Walaupun dengan alasan apapun, tidak ada pembenaran yang bisa dijadikan sebagai alasan oleh Negara karena telah mengabaikan prinsip hak asasi manusia dan sejatinya pelaku dibalik itu harus diungkap dan diadili sebagai penjahat kemanusiaan.

Setelah tertunda lebih dari 10 tahun, Komisi Nasional Hak Asasi Manusia (Komnas HAM) akhirnya menyelesaikan penyelidikan pro justisia terhadap kasus penembakan misterius (petrus) yang terjadi sepanjang tahun 1982-1985. Hasilnya, terindikasi adanya pelanggaran HAM secara sistematis yang dilakukan oleh pemerintah terhadap warga sipil yang dicap pelaku kejahatan seperti preman, bromocora, dan gali. Tindakan penembakan misterius ini juga disinyalir dimanfaatkan pemerintah untuk membungkam sipil atau aktivis yang kritis.

Ketua Tim Ad Hoc Penyelidikan Pelanggaran HAM berat Peristiwa Petrus 1982-1985, Yosep Adi Prasetyo yang akrab disapa Stanley menuturkan, berdasarkan hasil penyelidikan yang dilakukan oleh Komnas HAM sejak Juli 2008 hingga 31 Agustus 2011, Komnas HAM menyimpulkan bahwa peristiwa penembakan misterius (petrus) di sejumlah wilayah di Indonesia pada 1982-1985 merupakan pelanggaran HAM berat dan kejahatan luar biasa karena memakan korban hingga ribuan orang.

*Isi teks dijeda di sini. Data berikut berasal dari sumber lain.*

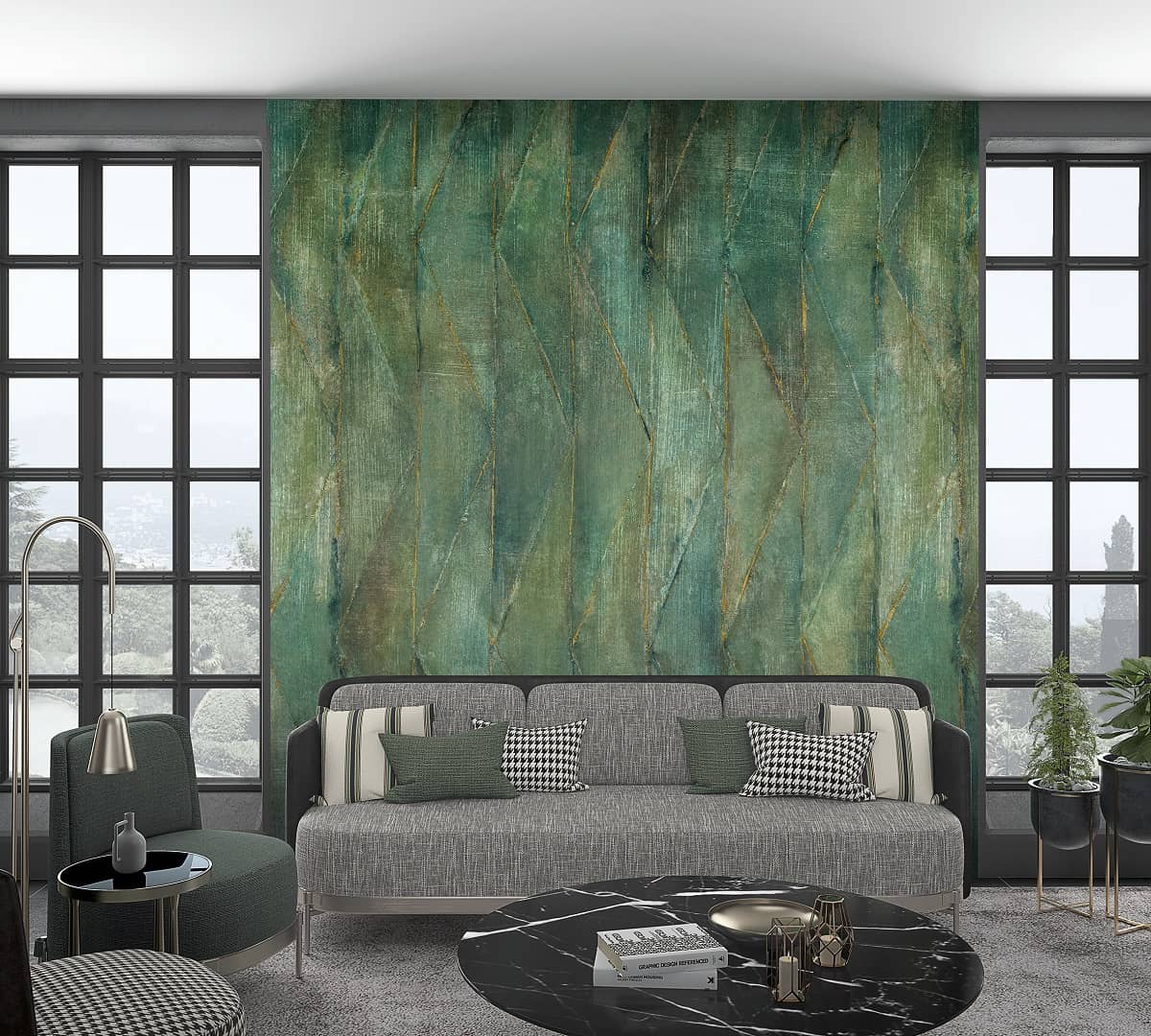 Wyjątkowy mural z kolekcji Smart Art przedstawia duży, geometryczny wzór, układając3 się pionowo. Soczysty, zielony kolor, gruba faktura i efekt postarzenia wyróżnia tę okładzinę na tle innych i doskonale sprawdzi się w najbardziej różnorodnych aranżacjach. Każdy mural z kolekcji to inna historia, opowiedziana za pomocą kilku paneli tworzących jedną calość przypominającą obraz. Są tu motywy roslinne w żywych barwach, zwierzęta jakby przeniesione wprost z dżungli, jest duża geometria i ponadczasowe pasy.  Murale mają wyczuwalną strukturę, są odporne na uszkodzenia i pięknie pracują ze światłem. W tej kolekcji każdy znajdzie coś, co sprawi, że jego wnętrze będzie niepowtarzalne i niezwykłe.

Kesimpulan hasil penyelidikan Tim Ad Hoc terkait rentetan petrus pada 1982-1985 ini menurut Yosep berdasarkan keterangan dari 115 saksi yang dimintai keterangan, dengan rincian 95 saksi, saksi korban 14 orang, saksi aparat sipil dua orang, saksi purnawirawan TNI dua orang, dan saksi purnawirawan Polri dua orang.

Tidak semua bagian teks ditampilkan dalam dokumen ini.